The proposed change to Cuban family law would put members of same-sex unions on a par with heterosexual couples.

The principal needs of Cuban homosexuals “are related to the right to their recognition as consensual couples, as non-matrimonial couples, but that authorities recognise their property and inheritance rights in those non-legalised unions,” she said.

“That is their principal interest. They are not interested in marriage, they are not interested in adoption, because in Cuba there are hardly any children to adopt.”

She added that besides legal recognition, gays, lesbians and transsexuals in Cuba want respect.

“Let no one feel the right to humiliate them, nor harm them, nor exclude or reject them, that we strengthen within the family this ethic of accepting everyone and of not being discriminated against for sexual orientation.”

The Public Health Ministry in Cuba is currently in the process of approving regulations that would allow gender reassignment operations.

Mariela Castro said that a team of Cuban physicians is already in training to perform such procedures.

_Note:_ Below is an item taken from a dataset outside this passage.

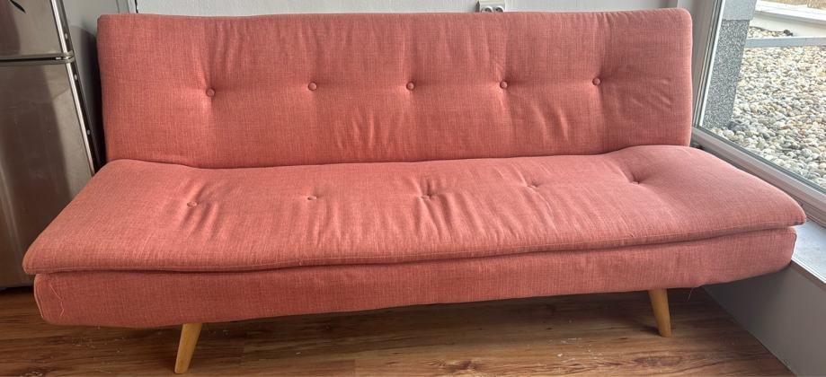 Prodajem trosjed boje breskve u odličnom stanju. Na klik klak mehanizam je otvaranje. 175x75. Prilikom otvaranja širina za spavanje je 100 cm.

In an interview with EFE last August, the 45-year-old psychologist said her struggle for the equality of the sexes and gay rights would “enrich the Cuban Revolution.”

Last week the Cuban culture minister Abel Preito gave public support to gay marriage.

“I think that marriage between lesbians, between homosexuals can be perfectly approved and that in Cuba that wouldn’t cause an earthquake or anything like that,” said Mr Prieto, who is also a member of the powerful Politburo of the Communist party and the Council of State, the nation’s supreme governing body.